I think another major factor is smelling rotten salmon carcasses for months. That chemical we can sense might be in high abundance in rotting salmon and incorporates that into the smell reaction. My body thinks it is eating rotten food if there is even the smallest hint of that chemical in the meat.

Thus profuse vomiting. 🤮
Actually, I can make it happen pretty much 100% of the time walking into the water. It's not so much putting them off the bite literally as much as they move out of the area and casting range if my scent is in the water for too long. I don't wear waders, and it actually makes a large difference. There can be 3+ guys in waders with fish rolling stacked close by, but if I wade in, even like a ninja, the fish will eventually take off.

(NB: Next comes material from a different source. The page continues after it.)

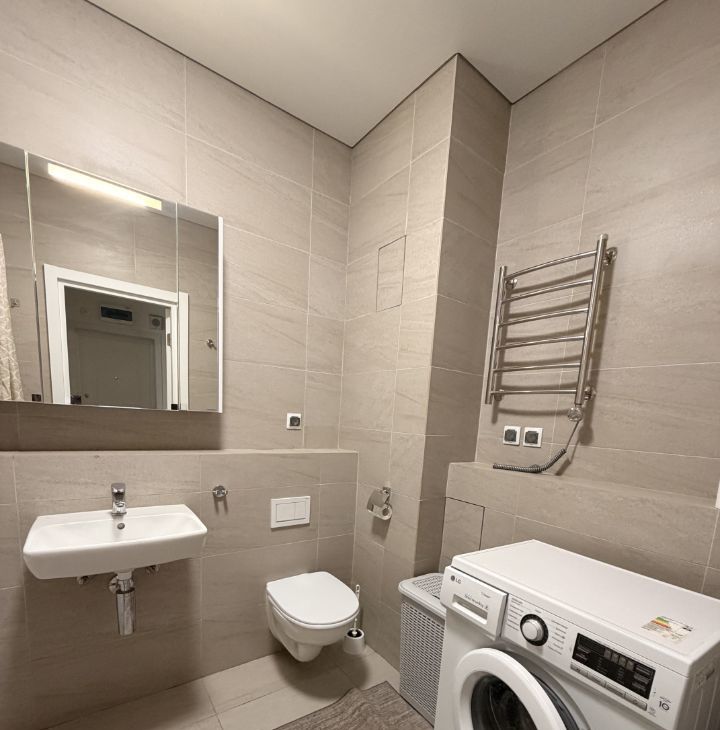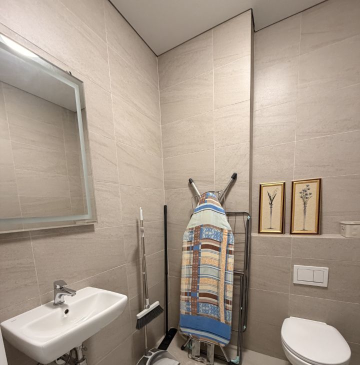 В планировке — два санузла: просторный с ванной и компактный гостевой с раковиной и унитазом.

I think I produce a very large amount of L-Serine compared to other people. In larger rivers, I can control the flow and direction of all the spawning salmon with my scent, even with tons of other fishermen in the water who are in waders. They basically smell me as the biggest grizzly bear in the world and keep their distance. LOL
This guy has to be trolling us.
 
I have had some success with a small Hotshot that rattles, a red and white color scheme. Hold on the strikes are vicious and be sure to change out the factory hook with a Gamagatsu siwash.

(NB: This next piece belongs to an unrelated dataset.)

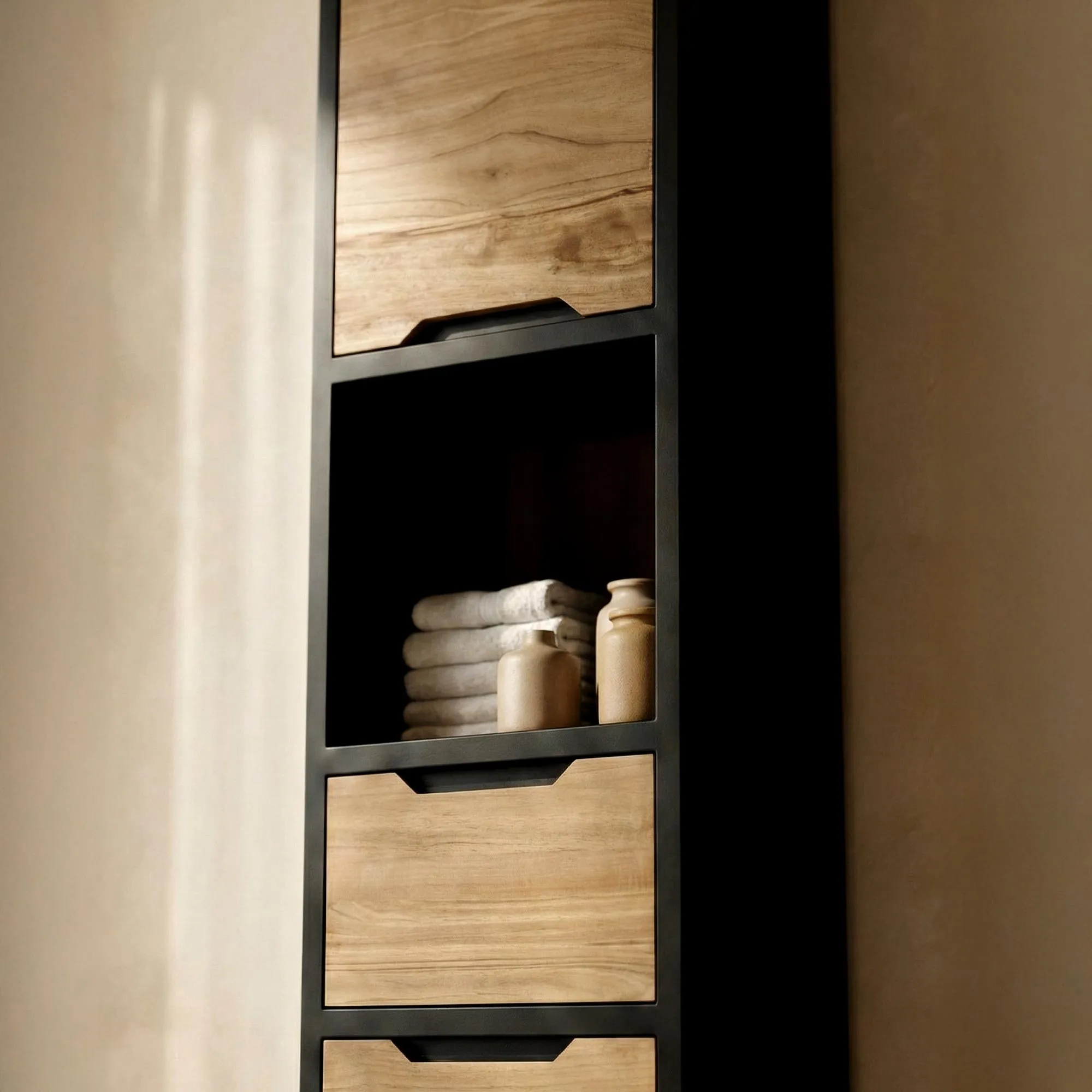 Cette colonne de salle de bain fait partie de la collection Bold. De style industriel, fabriquée en teck massif et métal, elle offre de beaux espaces de rangement pour vos produits de beauté, linge de toilette et autres accessoires de salle de bain. Son look contemporain fera une entrée remarquée dans un intérieur moderne.

This is a hit and miss thing but if they are somewhat inclined this seems to irritate the hell out of them. I have had eyes opened up, hooks straightened and hooks pulled off the lure. Don't have your drag set very tight let them hit and run . The freight train will slow down and then add some drag slowly. For some reason an average coho of say 9 or 10 pounds acts and feels like a teener fish.

I think that probably any small rattling Hot shot would work and they are kind of fun to pull.

Dave
 
They slime up super fast in warmer water. Even just a day or two, and they're not edible by myself or anyone in my neighborhood. Even after extreme smoking and taking the skin off, etc. The chum hold up the best compared to the coho and chinook that come in, seriously LOL.

They develop a certain enzyme or something that the vast, vast majority of people who eat salmon can't taste. If you live at the mouth of a busy salmon stream, you get a taste for this chemical and can never untaste it. It's not even that the chemical or chemicals taste bad, they just cause this gag and vomit reflex.

I think another major factor is smelling rotten salmon carcasses for months. That chemical we can sense might be in high abundance in rotting salmon and incorporates that into the smell reaction. My body thinks it is eating rotten food if there is even the smallest hint of that chemical in the meat.

Thus profuse vomiting. 🤮
First world problem.
 
Personally I think you are way over thinking this.
I won't argue on the table quality of those fish as I am not eating them, but I will never be convinced that the smell of human is putting staging coho "off the bite". Still, seems like a pretty simple solution to that problem if you truly believe that to be the case......wear waders?

Staging fish are assholes. Staging fish are not traveling, feeding fish. They are preparing to spawn. Feeding heavily is just not part of the equation. Can they be caught? Sure, at times. But far more often than not they will laugh at anything you throw at them, whether or not they smell your Dove fresh skin.

And for the record I definitely grew up using "periwinkles" as bait. Lots of great memories there. I'm doubtful any sort of biological memory from their stream time is going to be the magic trick to get non feeding fish to get aggressive, but can't hurt to try.